En 1970, « Tintin au Congo » reparaît dans une revue… zaïroise ! L’éditorialiste fait alors ce commentaire :
« il y avait une chose que les Blancs qui avaient arrêté la publication de cet album n’ont pas comprise. Si certaines images caricaturales du peuple congolais les font sourire, elles font rire franchement les Congolais parce que les Congolais y voient matière à se moquer de l’homme blanc « qui les voyait comme ça
OUI je me souviens de ça…
mais on a érigé la suceptibilité au rang de vertue suprême, ajoutant à cela qu’on aime se vexer pour les autres à leur place, ben ça fait un drôle de climat…
Oui je pense comme toi… Je crois qu’il a décidé d’être un peu politiquement correct de l’épqoue en fait…
cet article revient sur le site et c’est cool… mais la raison me charine, pas tant pour Hergé que pour Goscinny d’ailleurs….parce que Asterix ou Lucky Luke, épinglé pour des caritcature que tout le monde faisait….
bon ce ne sont que quelques fous aujourd’hui mais….ça ne rassure pas sur l’avenir…
Hergé faisait tout ce qu’il pouvait pour continuer à travailler et à nourrir sa famille sous l’occupation. Il était tyrannisé par les allemands qui avaient repris la direction de son journal (Le Soir), et qui le soumettaient à une énorme censure. Mais ça… les historiens de pacotille qui se jettent sur ses quelques maladresses font comme si ça n’avait pas existé. J’aurais bien aimé les voir à la place d’Hergé, tiens.
Autre chose : La blague sur les juifs que l’on trouvait dans la 1° version de L’ETOILE MYSTERIEUSE : Non seulement Hergé s’empresse de l’enlever dès qu’il le peut, mais surtout, quand on lit la blague en question, rien à faire : Ça ne sonne pas du tout « Hergé ». Pour un lecteur baigné dans son oeuvre et qui connait son humour par coeur, si fin et exquis, ça ne passe pas : Cette blague idiote et grossière n’est clairement pas de lui. A partir de là on peut très bien imaginer qu’elle lui a été imposée.
Je n’instruis pas par mauvaise foi. C’est de l’investigation. En cherchant bien, en recoupant tous les éléments, on en arrive à la conclusion que ce type était tout sauf raciste. Son oeuvre parle pour lui de manière éclatante. Mais ça… C’est facile de nourrir un discours haineux à son encontre quand on ne connait que la surface des choses…
Je voudrais nuancer le propos, parce qu’il me semble que les critiques de divers albums de Tintin ou de Hergé sont un peu différentes. L’engagement de jeunesse, appelons-ça comme ça, dans la mouvance rexiste, c’est un fait.

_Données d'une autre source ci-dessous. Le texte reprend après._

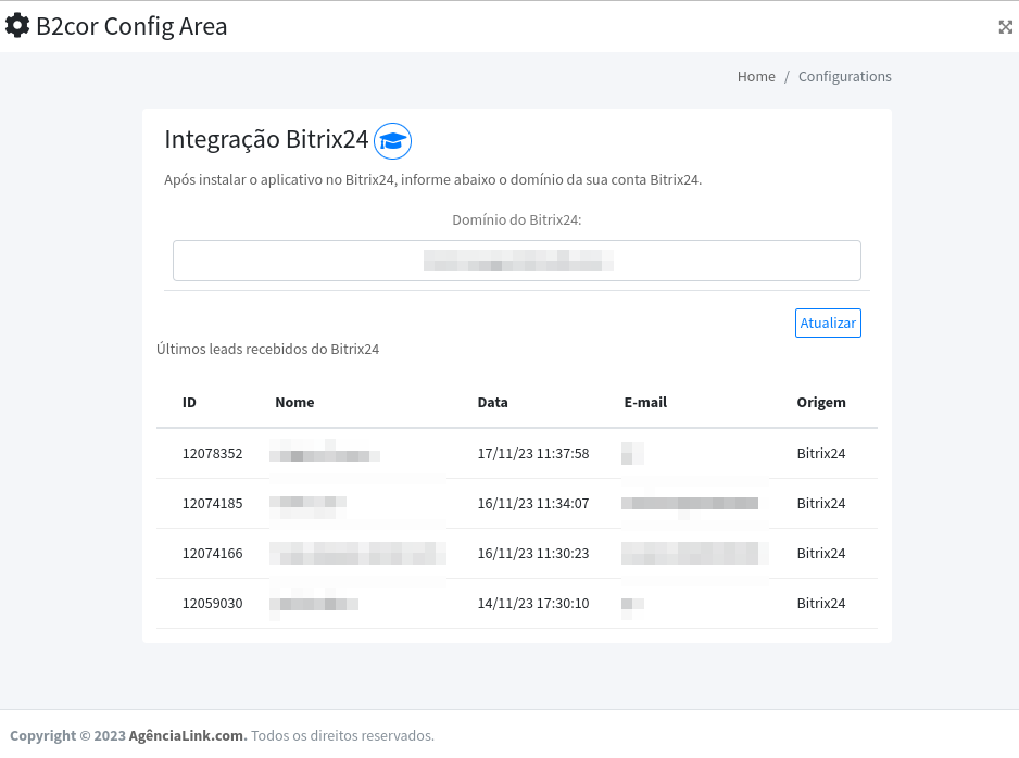 Os leads são exportados quando são cadastrados ou alterados no Bitrix24.

Le racisme d’une époque, l’exploitation coloniale par la Belgique, ce sont des choses solides dans lesquelles baigne évidemment les BD, surtout à leur début. Est-ce que tout se résume à « Hergé était raciste »?
Il a été dit ici que les stéréotypes pouvaient être retournés pour se moquer de ceux qui y croyait, ça reste une lecture plus qu’une intention, et la reconnaissance qu’ils sont véhiculés par l’oeuvre elle-même. Hergé raciste? Tintin au Congo raciste? Si c’est en tant que pure oeuvre de propagande par un idéologue, la réponse est non mais on ne peut évidemment pas tout balayer d’un revers de la main.
En revanche, je suis tout à fait d’accord sur le fait que l’histoire personnelle et artistique de Georges Remi fonde un espoir, celle d’une évolution, et de la reconnaissance de ses erreurs, à commencer par avoir supprimé les dessins antisémites de l’Étoile Mystérieuse, évidemment, mais ça ne s’arrête pas là comme le rappelle Tornado, et pour le coup, je trouve que ça a tendance à légitimer le regard critique plutôt qu’à l’invalider (tout comme le changement de nom du bouquin d’Agatha Christie, acté depuis des décennies en VO).
Ca n’empêchera pas les réactions outrancières, elle se discutent au cas par cas, mais donc, moi qui ne suis pas tinitinophile, j’en ai retiré du respect pour un auteur qui ne se dédouane pas, qui assume le fait de transmettre une vision du monde et d’avoir pu se tromper.